> WORKING DATA
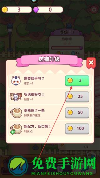 4、积累金币后,进行店铺升级如消耗3个金币增加店员,提升店铺运营效率,吸引更多顾客。
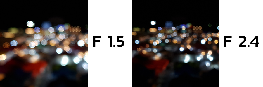 (ภาพแสดงขนาดโบเก้ ของรูรับแสงทั้งสองแบบ)
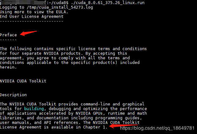 cd CUDA8 # 进入包含上述下载文件的文件夹 sudo chmod 777 cuda_8.0.61_375.26_linux.run ##给文件一定的权限 ./cuda_8.0.61_375.26_linux.run ## 开始安装
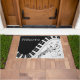 Clavier noir et blanc classique avec un flair incurvé. Des notes musicales rajoutées ajoutent un aspect festif.
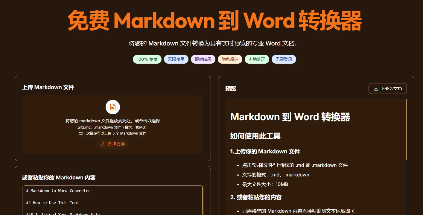 Markdown to Word Converter是一款功能强大的在线工具,可将Markdown文件转换为Word文档,能保留原格式排版,支持实时预览和多种语法
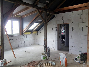 Půdní vestavba čtyř bytových jednotek na klíč v objektu Živnostenská 21, Plzeň. Kompletní realizace bytů včetně rozvodů a vybavení, 2015.
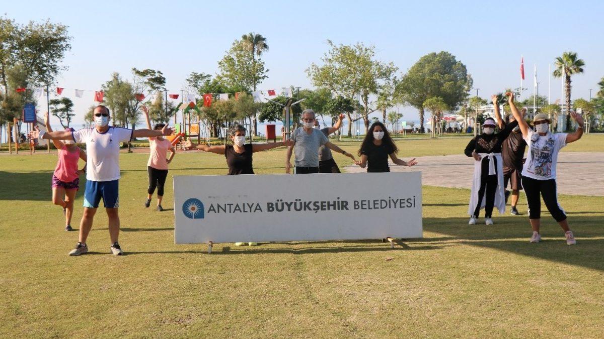 Antalya Büyükşehir Belediyesi, sağlıklı ve zinde yaşamı teşvik için Karaalioğlu Parkı ve Konyaaltı Sahili’nde sosyal mesafeli sabah sporu etkinliği düzenliyor.
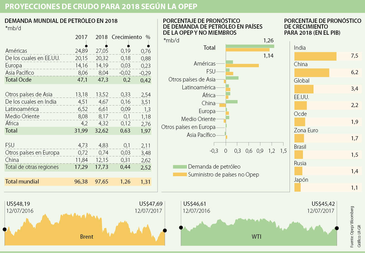 En el específico de América Latina la demanda aumentará 1,3% debido a que en 2017 necesitará 6,52 millones de barriles diarios mientras que en 2018 se espera que sea de 6,61 mbd.
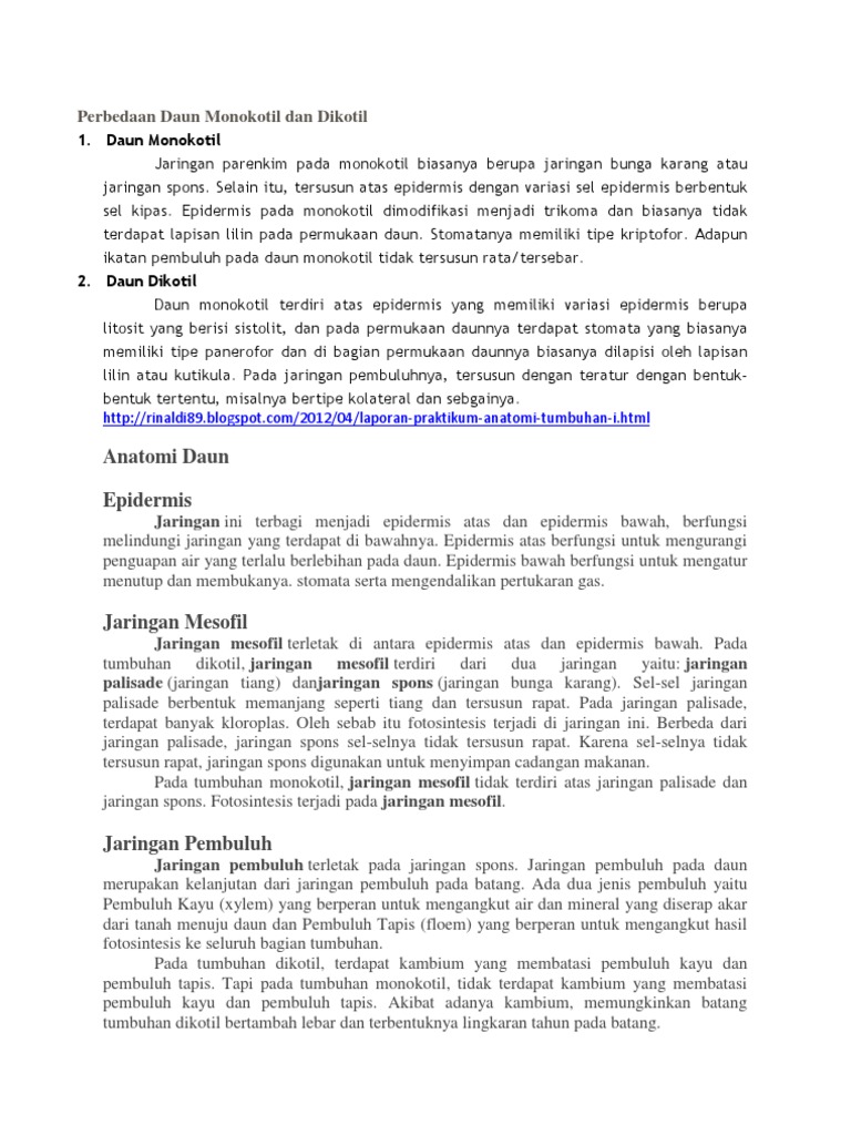 DOC) Jaringan pada daun dikotil dan monokotil | tesa manisa - Academia.edu
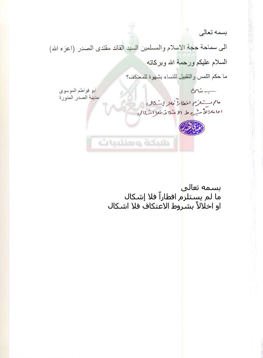 حكم اللمس والتقبيل للنساء بشهوة للمعتكف ( استفتاء للسيد القائد مقتدى الصدر اعزه الله بتاريخ 27-8-2011)
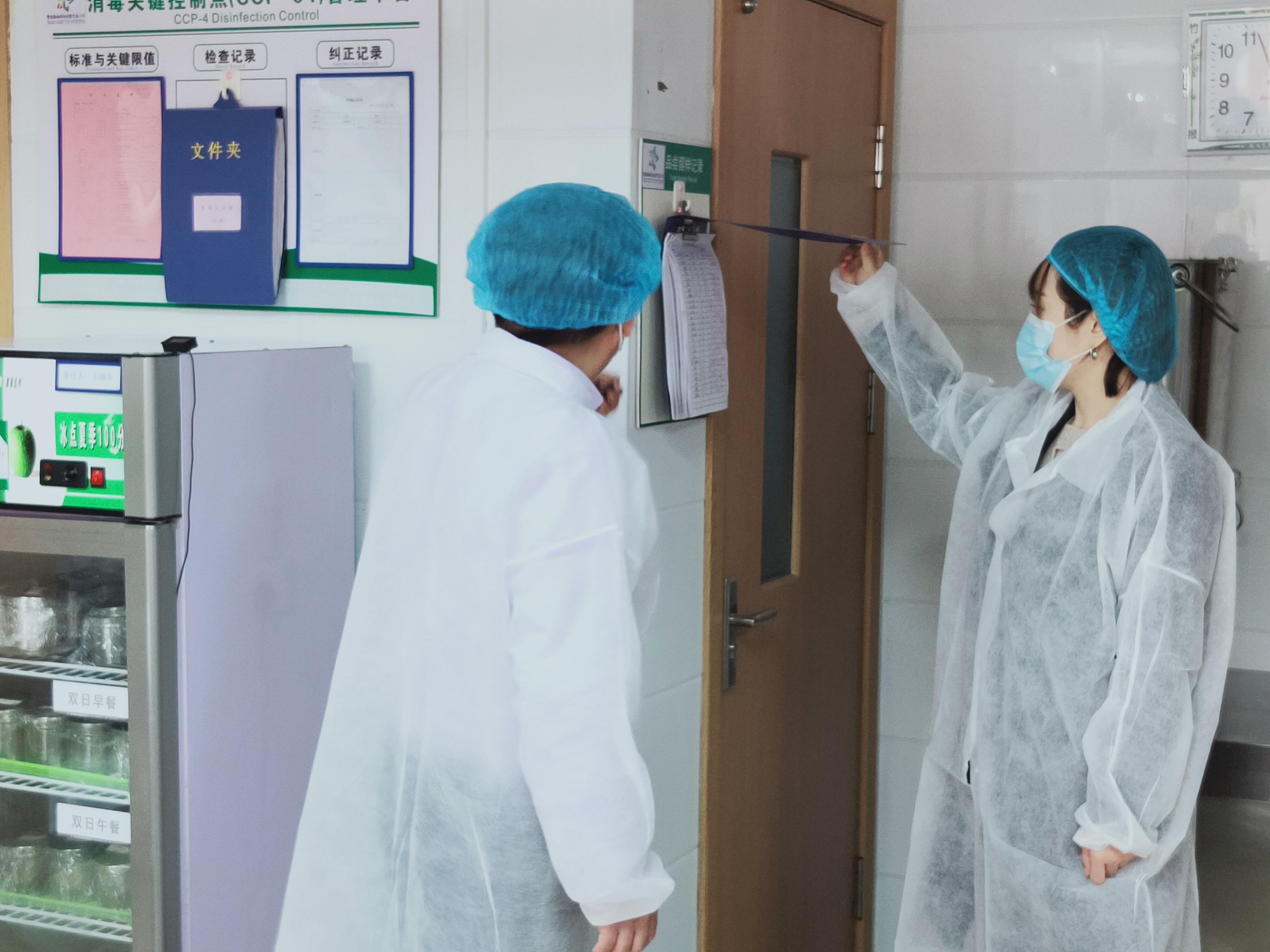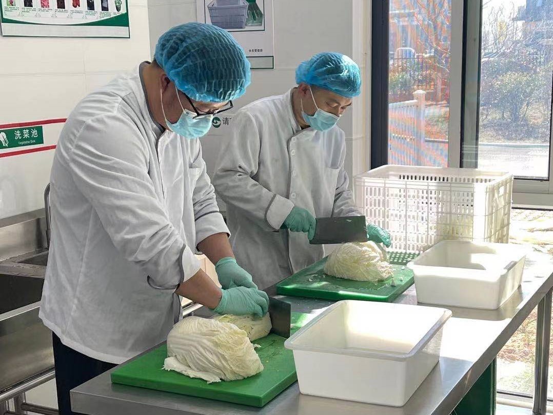 山東大區(qū)體系管理部經(jīng)理王格帶領(lǐng)記者參觀餐廳后廚,認(rèn)真講解每一道工序,并特別針對餐廳的食材質(zhì)量把控、加工用具分類、菜譜營養(yǎng)分析、菜品中心溫度檢測、食品留樣、餐具消毒和檢測等關(guān)鍵控制點(diǎn)進(jìn)行介紹。

> WORK REQUEST
Copy word for word every line from the start of the material through the line holding "cd CUDA8 # 进入包含上述下载文件的文件夹". The pictures are not part of the copy.

> ANSWER TO THE PROBLEM
 4、积累金币后,进行店铺升级如消耗3个金币增加店员,提升店铺运营效率,吸引更多顾客。
 (ภาพแสดงขนาดโบเก้ ของรูรับแสงทั้งสองแบบ)
 cd CUDA8 # 进入包含上述下载文件的文件夹 sudo chmod 777 cuda_8.0.61_375.26_linux.run ##给文件一定的权限 ./cuda_8.0.61_375.26_linux.run ## 开始安装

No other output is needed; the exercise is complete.